Ilaçlar. Biyoteknolojik Yatırım: Bu Risk Altında mı?

Mosquitos, malaria and education | Bill Gates (Kasım 2024)

Mosquitos, malaria and education | Bill Gates (Kasım 2024)
Ilaçlar. Biyoteknolojik Yatırım: Bu Risk Altında mı?
Anonim

Farmasötik (ilaç) ya da biyoteknoloji stoklarına yatırım yapma kararı, şirketin temel işlemleri ve ürünleri ile piyasadaki menkul kıymetlerin ticareti hakkında keskin bir bilgiye sahip olmadığınız sürece kafa karıştırıcı bir konudur.

İlaç şirketleri büyükten küçüğüne değişir ve araştırma ve geliştirme (Ar-Ge) 'ten imalat ve pazarlama ilaçlarına kadar geniş bir yelpazede faaliyetler yürütürler. İlaç firmaları üreten bileşikler, kimyasal veya bitki sentezine dayalı küçük moleküllerdir.

Diğer taraftan, biyoteknoloji şirketleri, birkaçı hariç olmak üzere, genelde ilaçların Ar-Ge'ye giren küçük işletmelerdir.
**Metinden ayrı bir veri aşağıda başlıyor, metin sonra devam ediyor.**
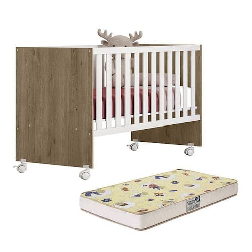 Berço Doce Sonho Reto com Rodízios e Colchão Supreme - Qmovi
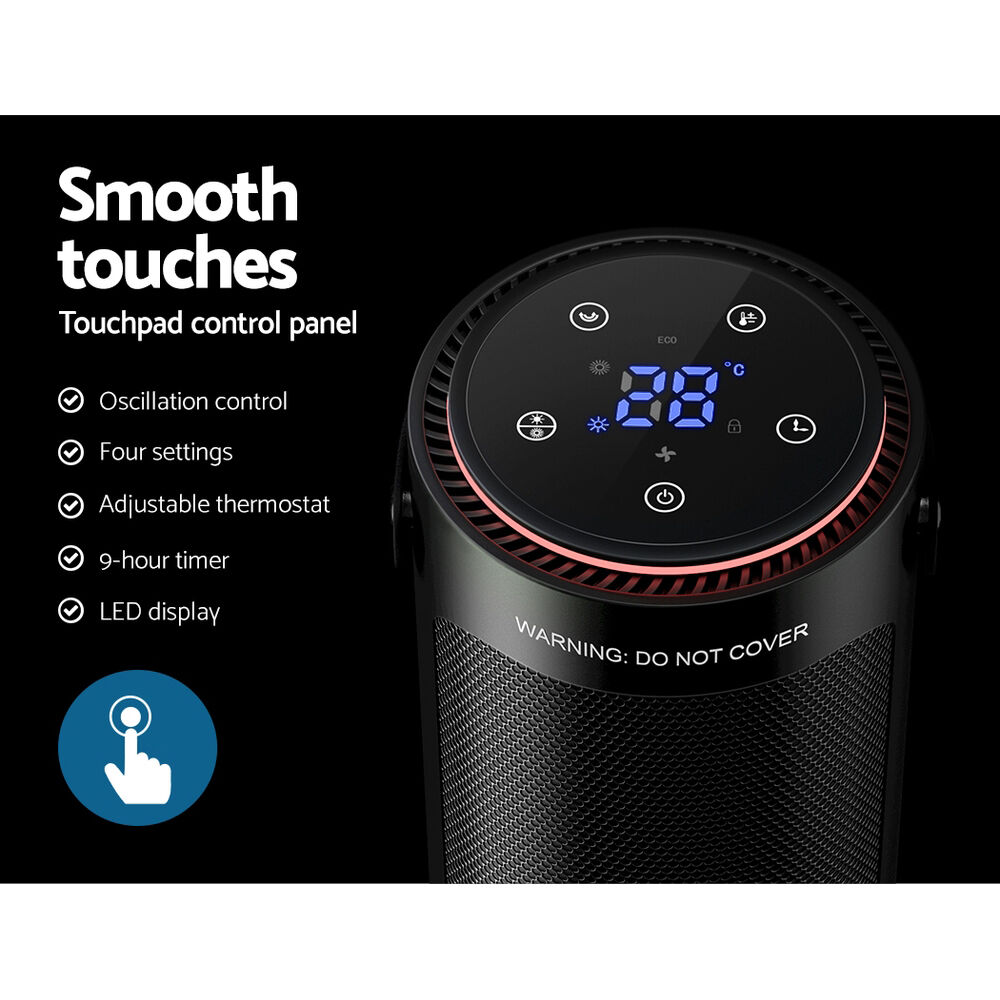Need a little extra heating to get through winter? The Devanti Ceramic Tower Heater is here to solve your winter blues. With its high-quality rapid PTC heating system and fan system, the heater will have you warm in no time at all. It has four unique modes (fan, warm air, hot air and ECO mode) so youre always at the perfect temperature. The ECO energy-saving mode cycles low and high heat at 24 degrees to save on energy costs. It uses wide-angle oscillation to evenly heat your space. Easily control the heater with the top touch control panel: adjust the thermostat, oscillation and heating mode at any time. Use the nine-hour timer with auto shut-off to strategically heat your home and save energy. Best of all, the heater has built-in safety features such as an anti-scald protective mesh, a safety cut-off switch in case of tipping and overheating protection. For maximum comfort and warmth through the winter months, you cant go wrong with a Devanti Ceramic Tower Heater.

Bu şirketler, hücrelerin işlevini yeniden oluşturmak için biyoteknoloji kullanıyor; belirli bir amaç için kullanılan büyük moleküllü ilaçları geliştirmek için mikroorganizmaları ve enzimleri kullanıyorlar. Biyoteknikler, hücresel işlemleri taklit etmekteler, araştırma ve geliştirme sürecinden geçen süre çok uzun, ortalama 10-15 yıl.

Her ikisi için Ar-Ge süreci, belirli veriler sağlayan birçok klinik test çalışmalarını içerir. Bu denemeler "kör" yani şirketler ne de yatırımcılar sonuçlarla ilgili hiçbir bilgiye sahip değil.

Ar-Ge ve Stok Etkisi

Biyoteknoloji şirketleri, gelişme sürecinde yalnızca bir ila birkaç bileşikle küçük olma eğilimindedir. Bu şirketlerin çoğu kayıpla çalışıyor çünkü gelişme zamanı çok uzun ve Ar-Ge süreçleri aşırı maliyetlidir. Bu dinamik biyoteknoloji şirketleri, genellikle risk sermayesi, üniversite, ilaç şirketi veya hükümet aracılığıyla mali destek için ortak bulma eğilimindedir.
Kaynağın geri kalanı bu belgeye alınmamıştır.